Dataset records:
== Segment start ==

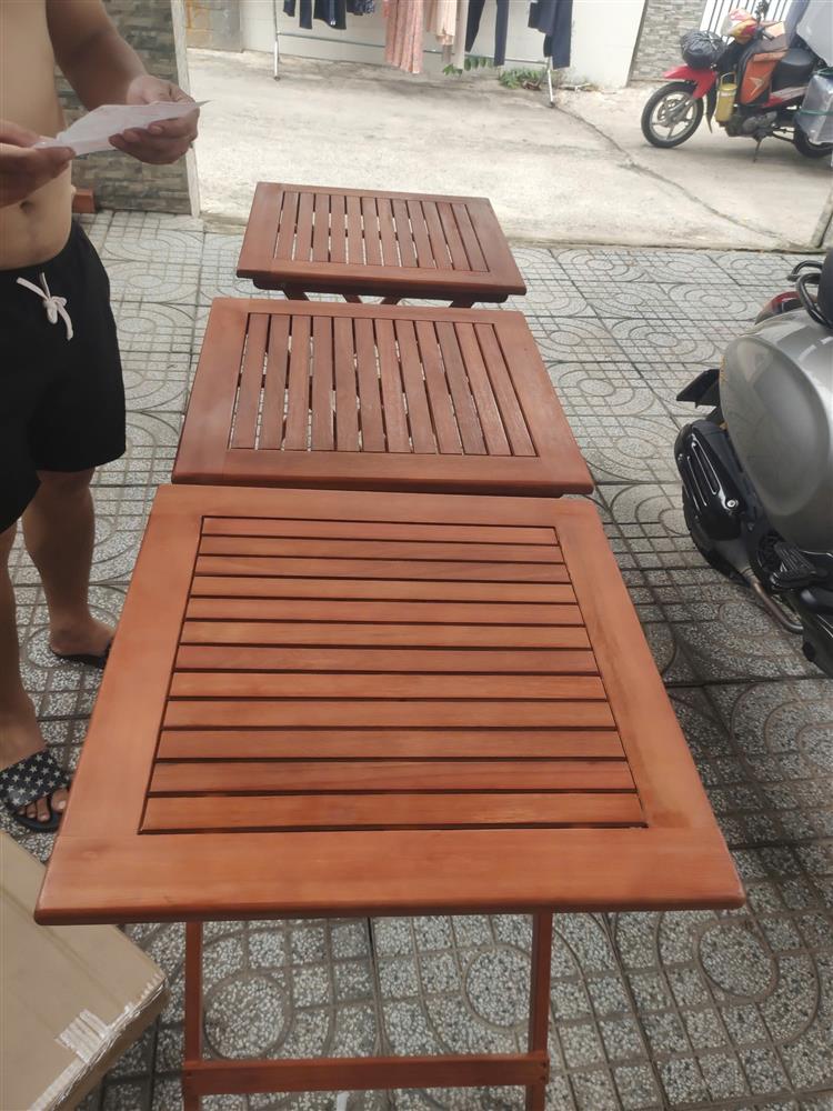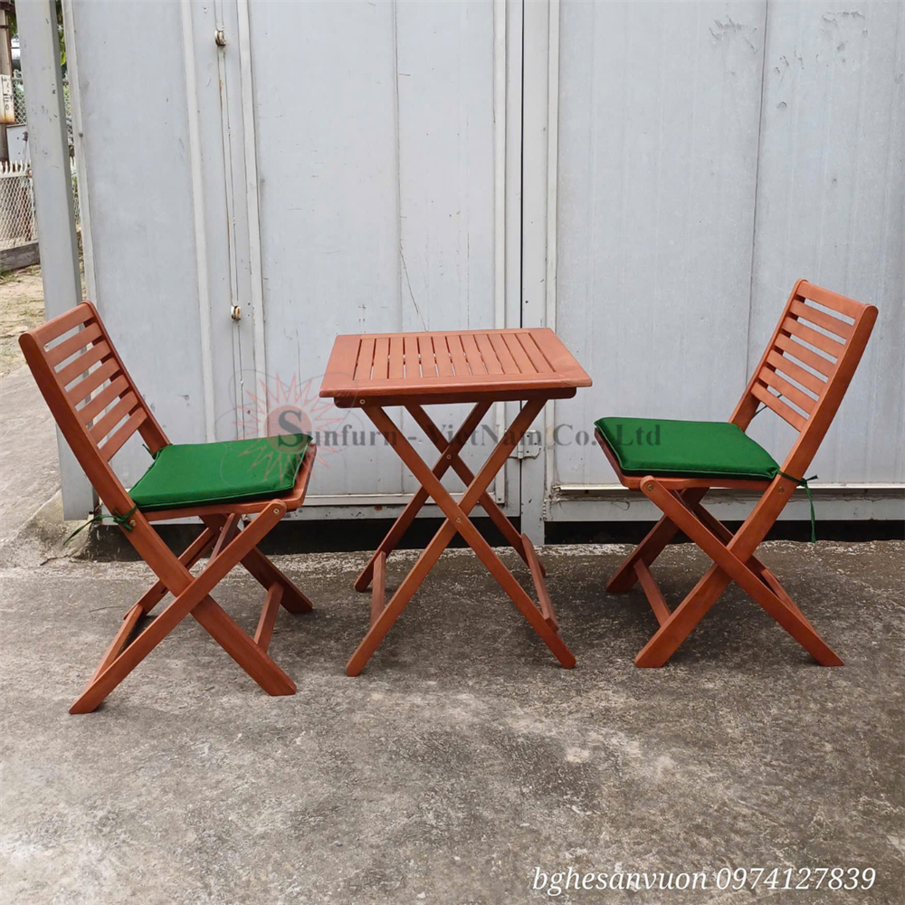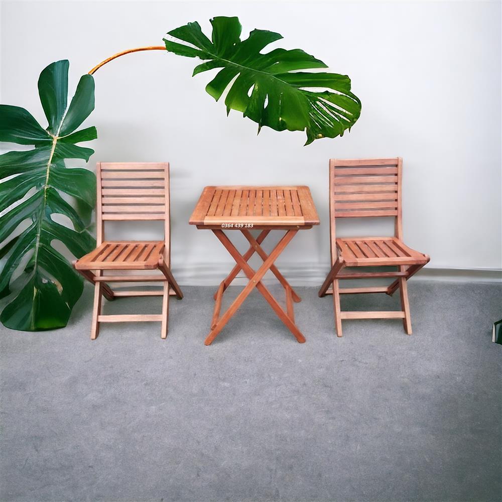 Bộ bàn ghế gỗ xếp gọn – Bàn vuông 60 cm và 2 ghế không tay, giải pháp tiết kiệm diện tích cho sân vườn nhỏ
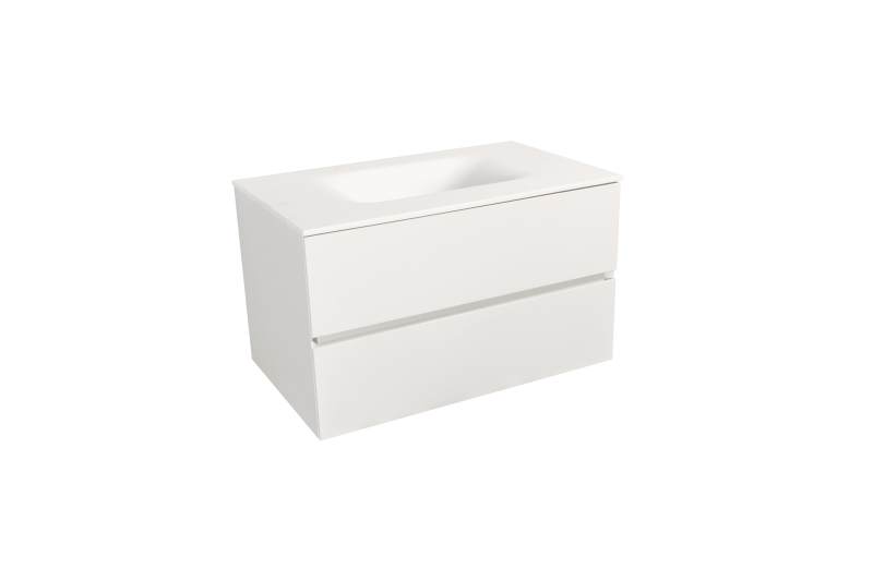Skříňka v bílém matném nástřiku s umyvadlem v bílém matu z litého mramoru o šířce 66 cm. Dvě zásuvky v provedení bez úchytky.
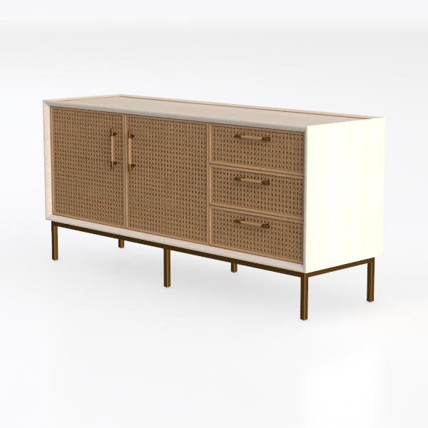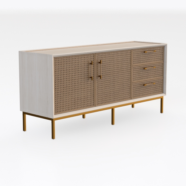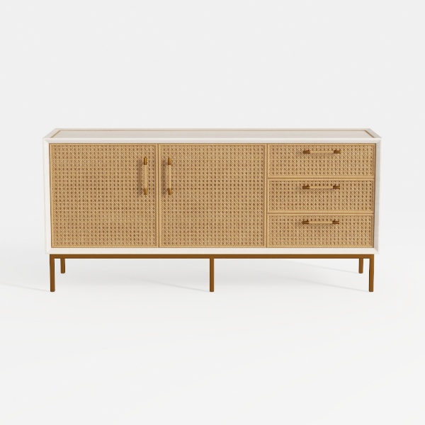 Drawing inspiration from natural weaving, this sideboard blends organic warmth with modern flair. Its textured rattan surface offers a tactile, earthy feel, while the crisp white top and gold metal legs add sleek contrast. The interplay of natural texture and clean lines creates a balanced, inviting look. Ideal for coastal, bohemian, or minimalist spaces, it pairs beautifully with wooden floors and marble accents. With drawers and cabinets for storage, it keeps spaces tidy, its slender legs ensuring a light, unobtrusive presence.
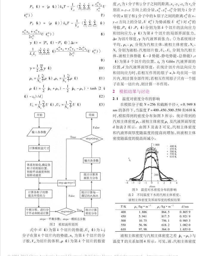 溫度、截斷半徑、模擬分子數(shù)對水汽液界面特性的影響規(guī)律(一)
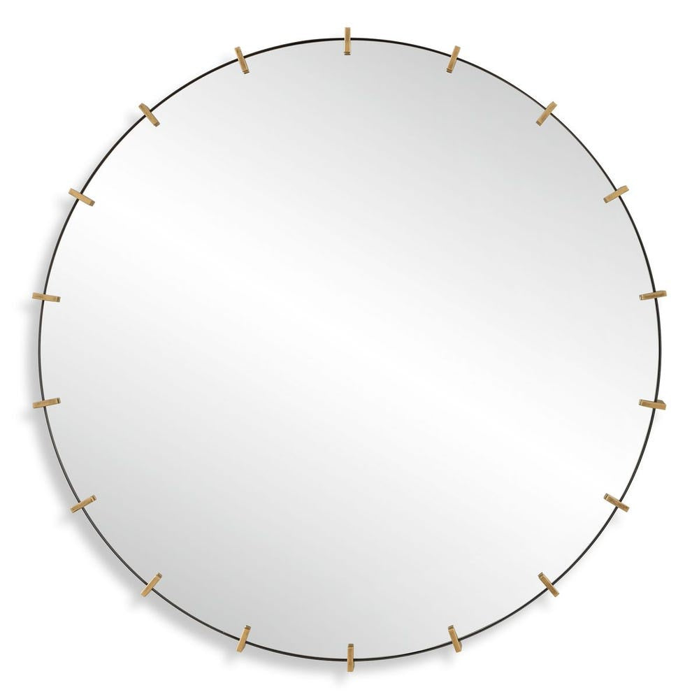 The Pali Round Mirror blends modern and industrial aesthetics with a sleek black iron strap frame, highlighted by subtle brushed gold accents. Its floating polished-edge mirror adds a sophisticated touch to the design.
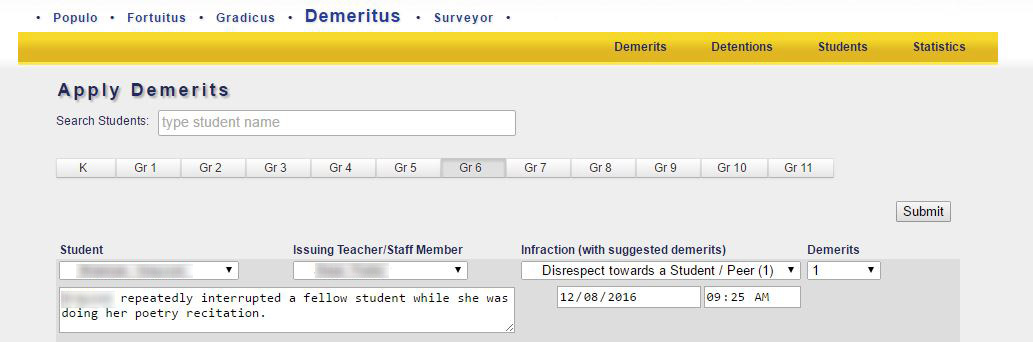 - Issue Demerits
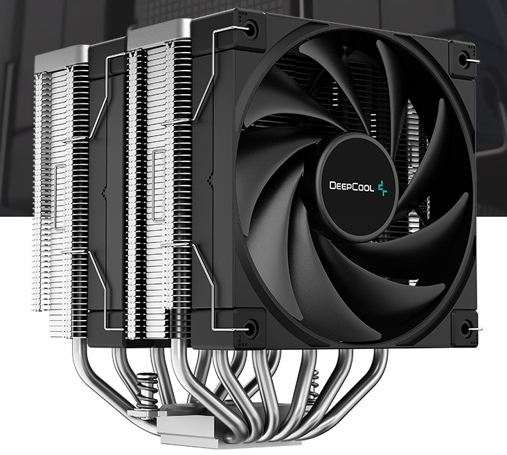 Двухбашенный радиатор на шести тепловых трубках, два вентилятора, универсальное крепление и невысокая для систем охлаждения такого класса стоимость. Осталось только убедиться, что он действительно эффективен и нешумный. Это не просто кулер, а суперкулер, поскольку заявленный уровень тепловыделения, с которым он должен справиться, составляет 260 ватт. Это довольно высокое значение для воздушных систем охлаждения. Однако AK620 отличается сравнительно скромными размерами, к тому же он оснащён двумя 120-мм вентиляторами. Особенности конструкции Deepcool AK620 – классический башенный кулер с двухсекционным радиатором и двумя вентиляторами. Кулер старается выглядеть максимально прямоугольно – все грани его компонентов выверены и строго соответствуют друг другу. Секции радиаторов с прямоугольными пластиковыми накладками под углеволокно, вентиляторы строго квадратные, с акцентированными вставками по углам. Система охлаждения производит впечатление крепко сбитого устройства без зазоров и резки

== Segment end ==

WORK REQUIRED:
In the records above, find the line that contains "Skříňka v bílém". Print it and every later line exactly, omitting the pictures.

RESULT FOR THIS TASK:
Skříňka v bílém matném nástřiku s umyvadlem v bílém matu z litého mramoru o šířce 66 cm. Dvě zásuvky v provedení bez úchytky.
 Drawing inspiration from natural weaving, this sideboard blends organic warmth with modern flair. Its textured rattan surface offers a tactile, earthy feel, while the crisp white top and gold metal legs add sleek contrast. The interplay of natural texture and clean lines creates a balanced, inviting look. Ideal for coastal, bohemian, or minimalist spaces, it pairs beautifully with wooden floors and marble accents. With drawers and cabinets for storage, it keeps spaces tidy, its slender legs ensuring a light, unobtrusive presence.
 溫度、截斷半徑、模擬分子數(shù)對水汽液界面特性的影響規(guī)律(一)
 The Pali Round Mirror blends modern and industrial aesthetics with a sleek black iron strap frame, highlighted by subtle brushed gold accents. Its floating polished-edge mirror adds a sophisticated touch to the design.
 - Issue Demerits
 Двухбашенный радиатор на шести тепловых трубках, два вентилятора, универсальное крепление и невысокая для систем охлаждения такого класса стоимость. Осталось только убедиться, что он действительно эффективен и нешумный. Это не просто кулер, а суперкулер, поскольку заявленный уровень тепловыделения, с которым он должен справиться, составляет 260 ватт. Это довольно высокое значение для воздушных систем охлаждения. Однако AK620 отличается сравнительно скромными размерами, к тому же он оснащён двумя 120-мм вентиляторами. Особенности конструкции Deepcool AK620 – классический башенный кулер с двухсекционным радиатором и двумя вентиляторами. Кулер старается выглядеть максимально прямоугольно – все грани его компонентов выверены и строго соответствуют друг другу. Секции радиаторов с прямоугольными пластиковыми накладками под углеволокно, вентиляторы строго квадратные, с акцентированными вставками по углам. Система охлаждения производит впечатление крепко сбитого устройства без зазоров и резки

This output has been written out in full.